Task details |
Exact copies of the lines below, from the one with "Il villaggio dispone" up to and including the one with "V letáku obchodu", are what this calls for; leave out pictures.

BEGIN Records for the exercise

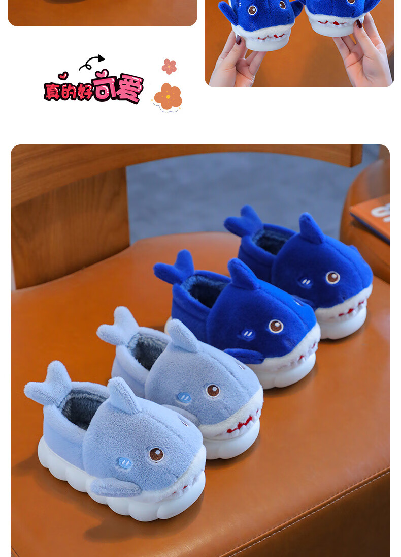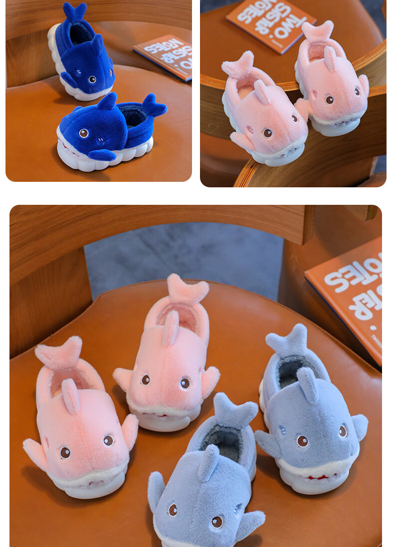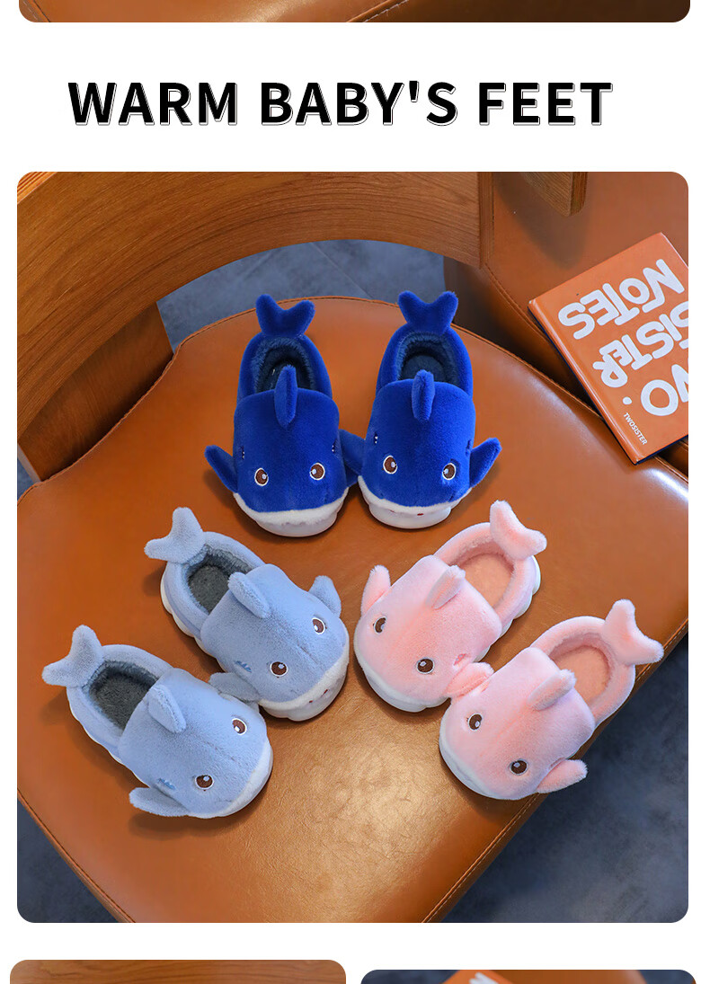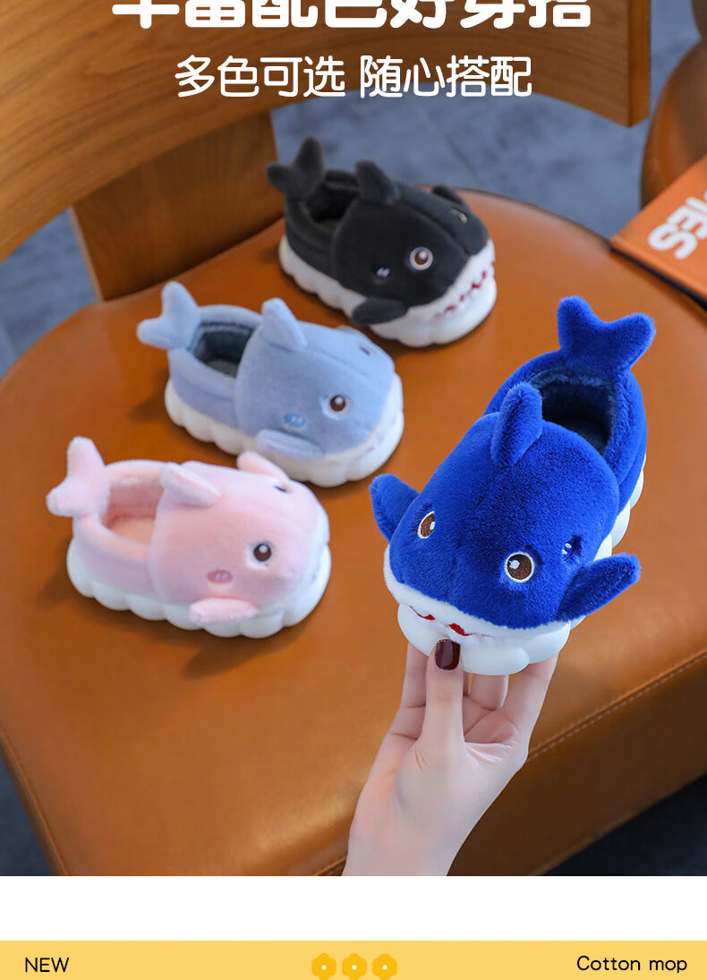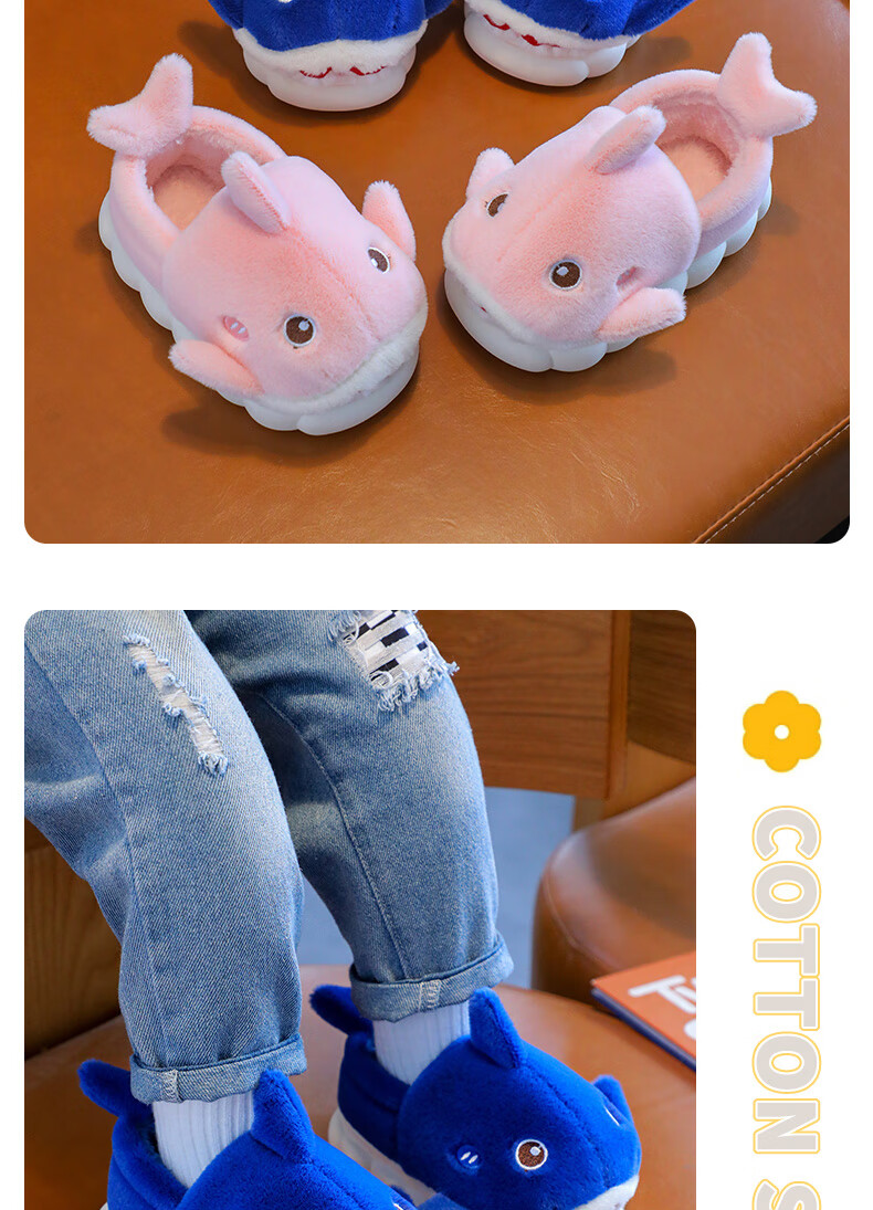 New Autumn and Winter Children's Cotton Slippers for Boys and Girls Indoor Cartoon Shark Slippers for Girls Baby Bag Heels Cotton Shoes Upgraded Version - Pink - Cotton 12 26/27 Size Inner Length 16CM
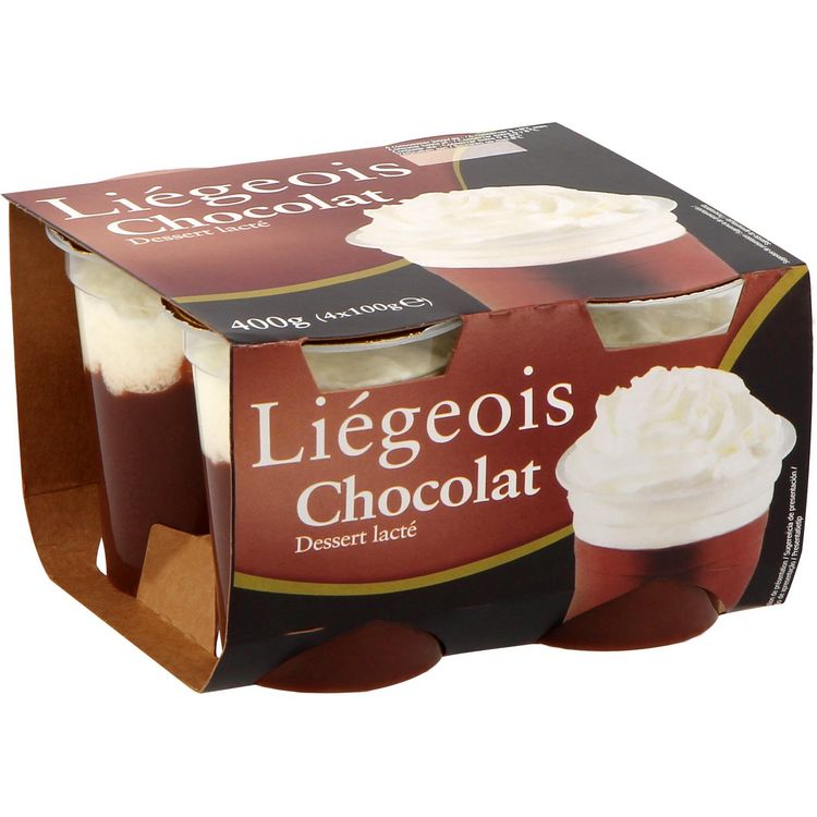 Ingrédients : Ingrédients : LAIT écrémé, CRÈME 14,5%, sucre, chocolat 2,8% (cacao en poudre, sucre), amidons modifiés, LACTOSE et minéraux du LAIT, épaississants : E407-E415, protéines de LAIT, émulsifiant : E472b, arôme.
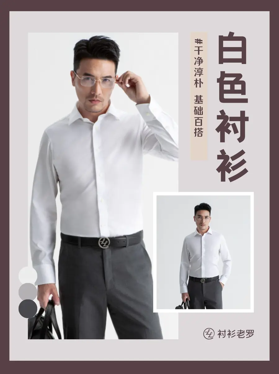 纯白色衬衫和浅蓝色衬衫是职场穿搭的主流。
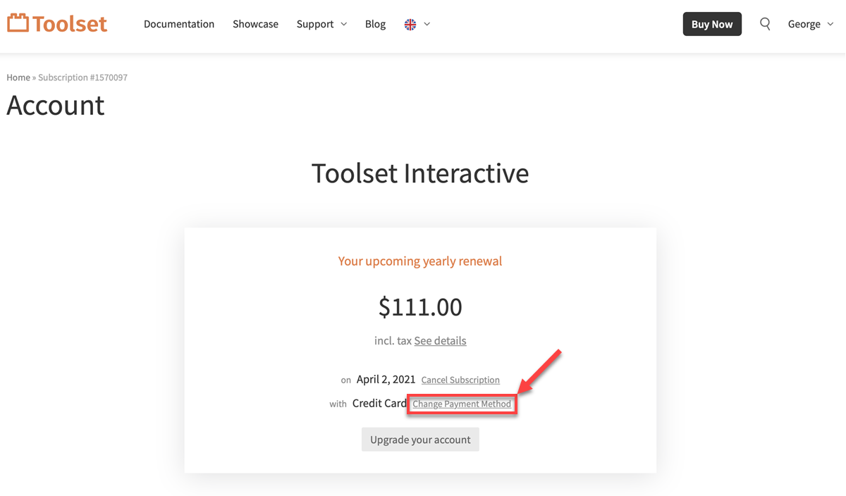 - Log into your Toolset account and click the Modify link next to your account overview.
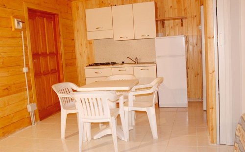 Il villaggio dispone di case mobili con ogni comfort, Bungalow in legno - monolocali, bilocali, trilocali e appartamenti per 6 persone - Appartamenti in muratura con aria condizionata.
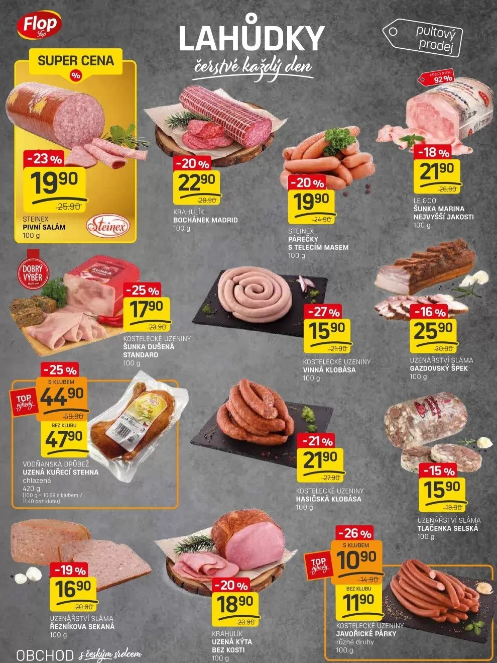 V letáku obchodu FLOP TOP najdete skvělé nabídky na lahůdky a uzeniny.
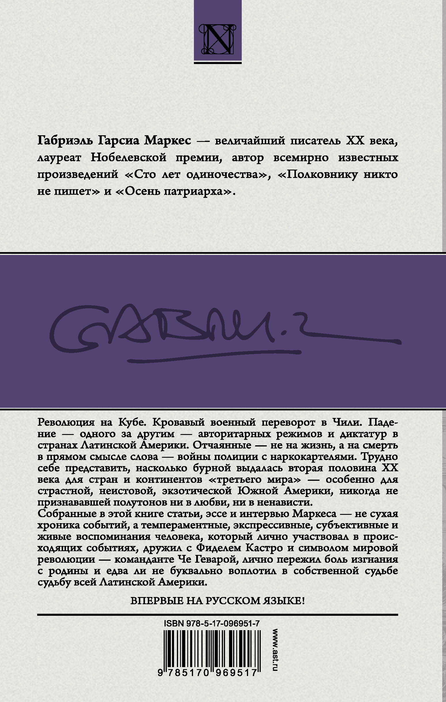 Революция на Кубе. Кровавый военный переворот в Чили. Падение - одного за другим - авторитарных режимов и диктатур в странах Латинской Америки. Отчаянные - не на жизнь, а на смерть в прямом смысле слова - войны полиции с наркокартелями. Трудно себе представить, насколько бурной выдалась вторая половина XX века для стран и континентов "третьего мира" - особенно для страстной, неистовой, экзотической Южной Америки, никогда не признававшей полутонов ни в любви, ни в ненависти. Собранные в этой книге статьи, эссе и интервью Маркеса - не сухая хроника событий, а темпераментные, экспрессивные, субъективные и живые воспоминания человека, который лично участвовал в происходящих событиях, дружил с Фиделем Кастро и символом мировой революции - команданте Че Геварой, лично пережил боль изгнания с родины и едва ли не буквально воплотил в собственной судьбе судьбу всей Латинской Америки.| Издательство | ИЗДАТЕЛЬСТВО "АСТ" |
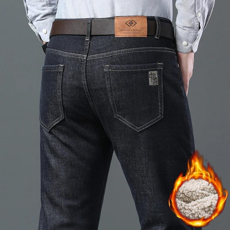 2025 Мужские деловые модные теплые прямые флисовые джинсы классического стиля зимние утолщенные джинсовые брюки повседневные брюки мужские — купить товар онлайн с бесплатной доставкой по всему миру!

END Records for the exercise

Answer for this exercise |
 Il villaggio dispone di case mobili con ogni comfort, Bungalow in legno - monolocali, bilocali, trilocali e appartamenti per 6 persone - Appartamenti in muratura con aria condizionata.
 V letáku obchodu FLOP TOP najdete skvělé nabídky na lahůdky a uzeniny.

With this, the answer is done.